[[ Data segment open ]]

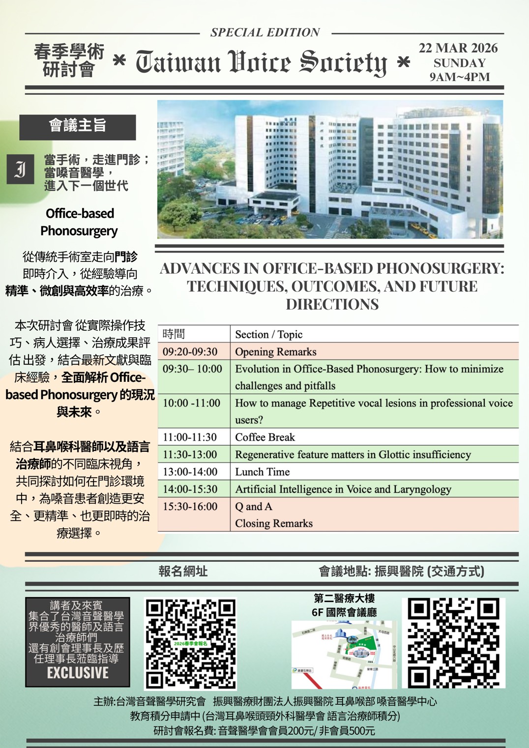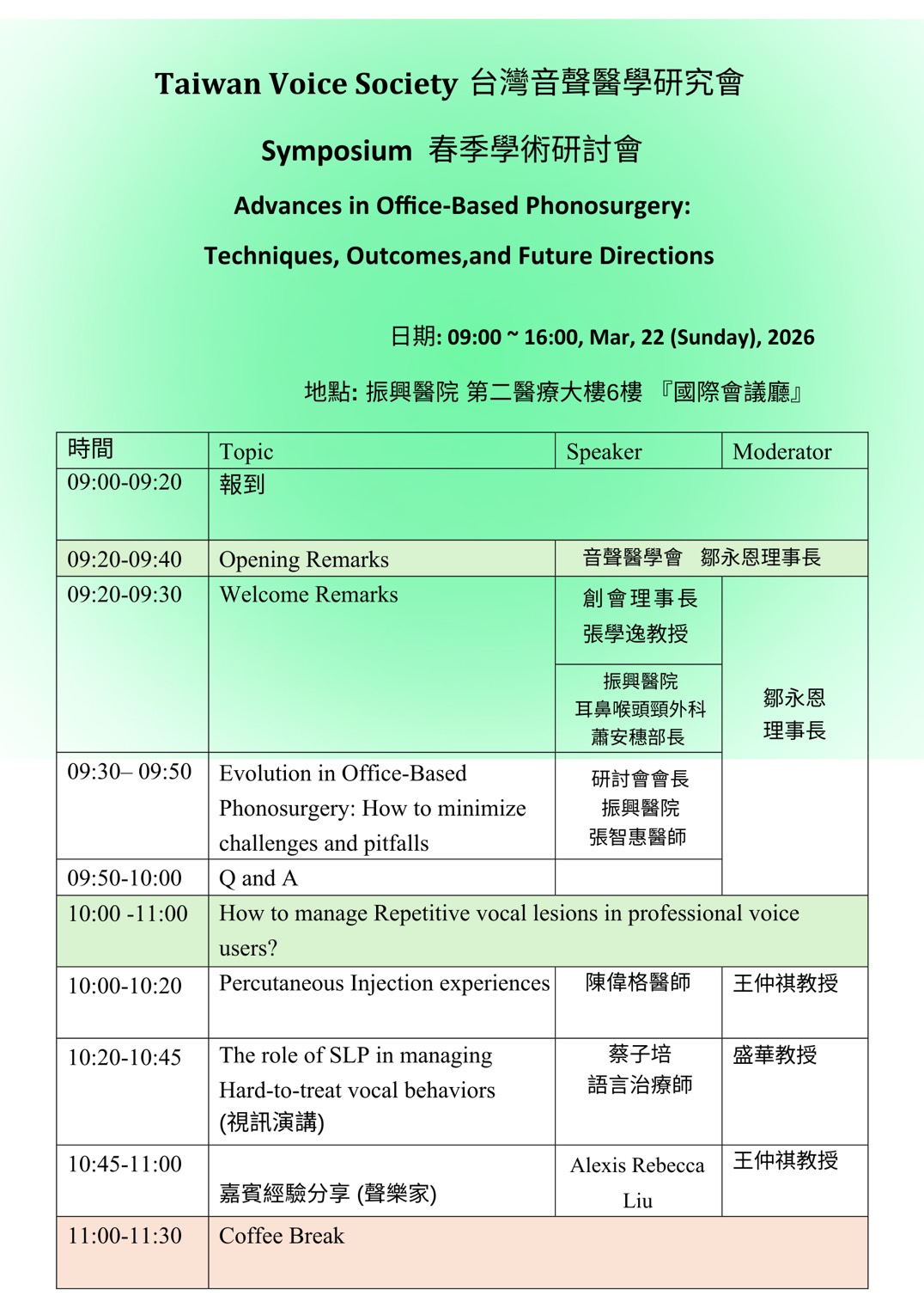 台灣音聲醫學研究會 2026/03/22 春季研討會
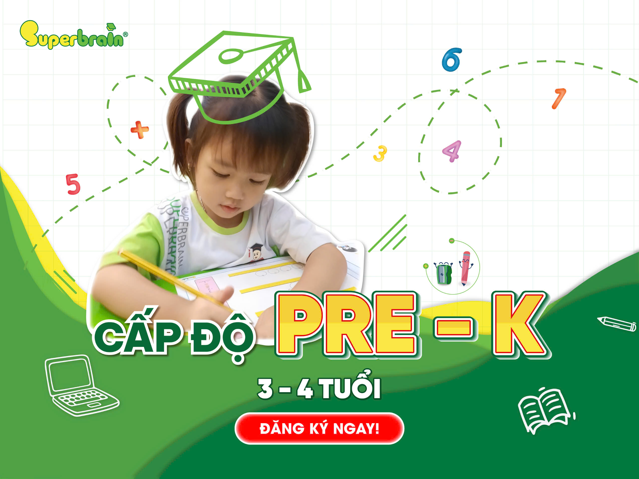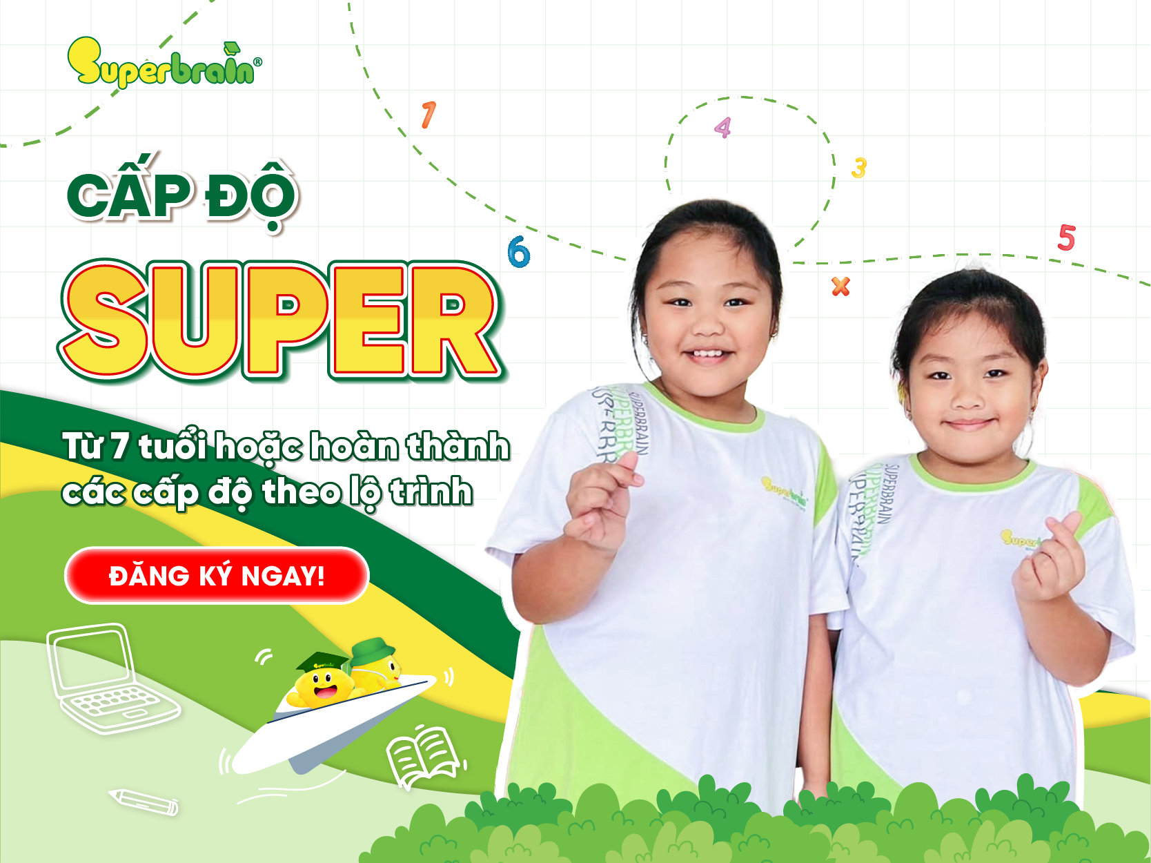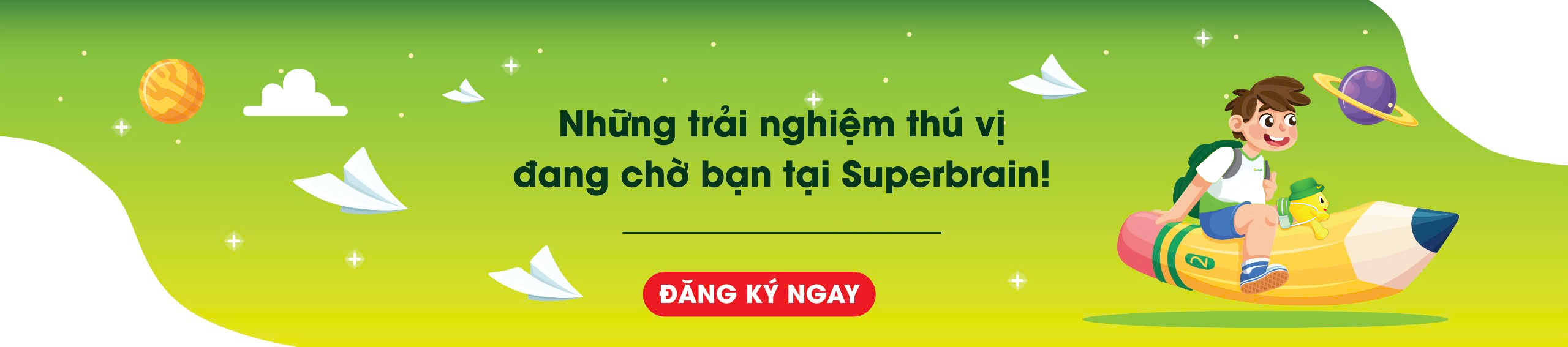 Đúng môi trườngMôi trường vừa học vừa chơi và tôn trọng tiềm năng của Trẻ. Tri thức và hạnh phúc là những điều mà Superbrain luôn muốn đem đến cho toàn bộ trẻ em Việt Nam.
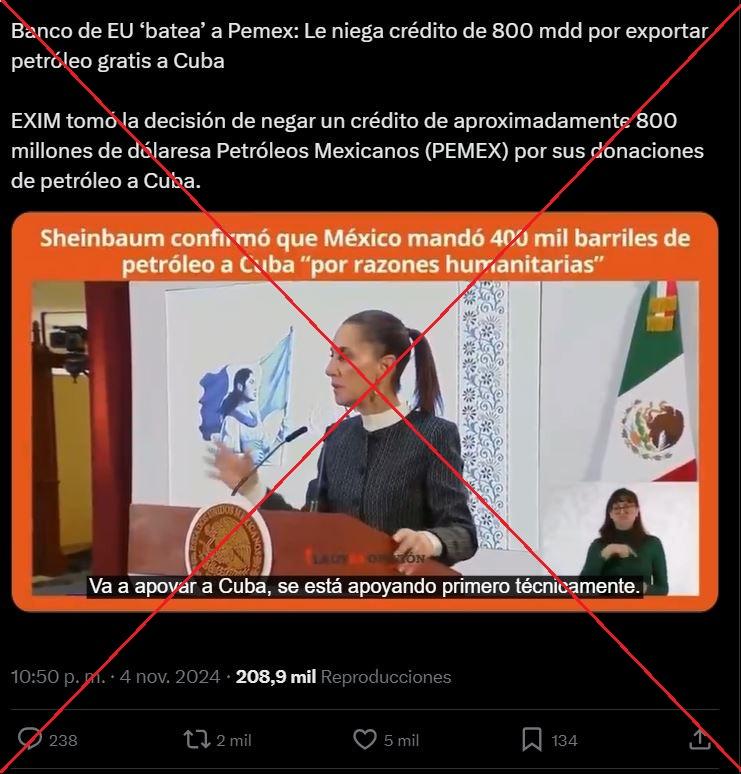 La presidenta de México, Claudia Sheinbaum, informó a finales de octubre de 2024 que Petróleos Mexicanos (Pemex) donó 400.000 barriles de petróleo a Cuba como apoyo en su crisis energética. Desde entonces, publicaciones compartidas miles de veces en redes sociales afirman que el Banco de Exportación e Importación de Estados Unidos (Exim) negó un crédito a Pemex por exportar crudo gratis a la isla. Pero eso es falso. Las entradas se basan en una supuesta noticia de 2023, cuando Exim aclaró a la AFP que no canceló ningún crédito a Pemex y que dar ayuda humanitaria a Cuba no es un obstáculo para pedir préstamos.
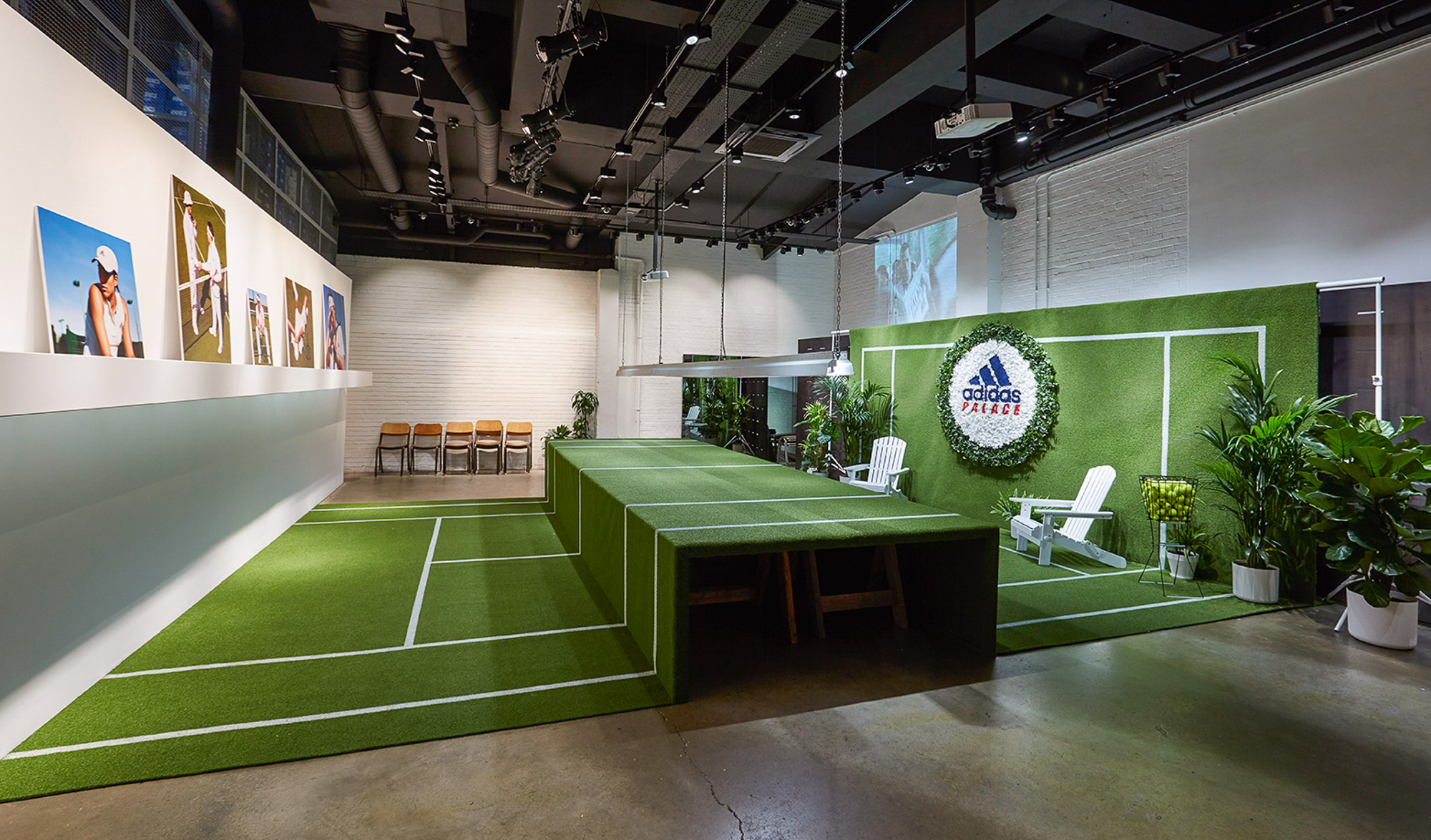滑板品牌Palace与阿迪达斯最新的合作款是具有上世纪70年代风格的一款限定系列,以此来庆祝即将开赛的温布尔登网球锦标赛。由Studio Xag设计的装置作品,将温布尔登中央球场搬到了阿迪达斯的Hanbury Street商店中。阿斯特罗人造草皮覆盖的墙壁环绕着一个展示台,受温布尔登花圃启发的花冠配备了帆布躺椅、沁人心脾的绿色植物和球篮。

[[ Data segment closed ]]

Work to complete | Set down the material above exactly as it reads, but not its pictures.

Finished exercise |
 台灣音聲醫學研究會 2026/03/22 春季研討會
 Đúng môi trườngMôi trường vừa học vừa chơi và tôn trọng tiềm năng của Trẻ. Tri thức và hạnh phúc là những điều mà Superbrain luôn muốn đem đến cho toàn bộ trẻ em Việt Nam.
 La presidenta de México, Claudia Sheinbaum, informó a finales de octubre de 2024 que Petróleos Mexicanos (Pemex) donó 400.000 barriles de petróleo a Cuba como apoyo en su crisis energética. Desde entonces, publicaciones compartidas miles de veces en redes sociales afirman que el Banco de Exportación e Importación de Estados Unidos (Exim) negó un crédito a Pemex por exportar crudo gratis a la isla. Pero eso es falso. Las entradas se basan en una supuesta noticia de 2023, cuando Exim aclaró a la AFP que no canceló ningún crédito a Pemex y que dar ayuda humanitaria a Cuba no es un obstáculo para pedir préstamos.
滑板品牌Palace与阿迪达斯最新的合作款是具有上世纪70年代风格的一款限定系列,以此来庆祝即将开赛的温布尔登网球锦标赛。由Studio Xag设计的装置作品,将温布尔登中央球场搬到了阿迪达斯的Hanbury Street商店中。阿斯特罗人造草皮覆盖的墙壁环绕着一个展示台,受温布尔登花圃启发的花冠配备了帆布躺椅、沁人心脾的绿色植物和球篮。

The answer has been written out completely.